The Alaska Airlines accident led to the temporary grounding of the 737 Max 9 aircraft, forcing Boeing to make payments to customers United Airlines and Alaska Airlines for disrupting their operations.
A US Federal Aviation Administration audit of Boeing has found “multiple instances” where it allegedly failed to meet manufacturing and quality control requirements. Regulators have given the company until the end of May to submit a plan to improve. A preliminary report by the National Transportation Safety Board found that the 737 Max 9 involved in the Alaska Airlines accident was missing four bolts meant to fasten the door panel to the fuselage.

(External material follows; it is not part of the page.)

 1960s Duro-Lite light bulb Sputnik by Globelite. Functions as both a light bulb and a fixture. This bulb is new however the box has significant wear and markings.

Boeing said on Wednesday it was “implementing a comprehensive action plan” to address the audit’s findings. Calhoun’s letter to employees noted a 500 per cent increase in reports to Boeing’s internal safety hotline compared with last year.
But whistleblowers, aviation safety experts and now the union representing Boeing engineers have accused the company of retaliating against employees who have raised safety concerns.

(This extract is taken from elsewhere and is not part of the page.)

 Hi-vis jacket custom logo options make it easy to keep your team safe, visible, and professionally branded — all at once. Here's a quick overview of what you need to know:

The Society of Professional Engineering Employees in Aerospace said on Tuesday that it had filed a complaint with the National Labor Relations Board after two engineers received negative performance reviews after insisting over managers’ objections that Boeing review earlier work.
“Boeing can tell Congress and the media all it wants about how ‘retaliation is strictly prohibited’,” said SPEEA director of strategic development Rich Plunkett. “But our union is fighting retaliation cases on a regular basis.”
Boeing shares were 1.4 per cent lower in midday trading at $166.81.
Baird analyst Peter Arment said the stock represented “a buying opportunity”. “The kitchen sink quarter was not bad as feared, with progress expected on production, deliveries and [free cash flow] in the coming quarters coupled with a management change.”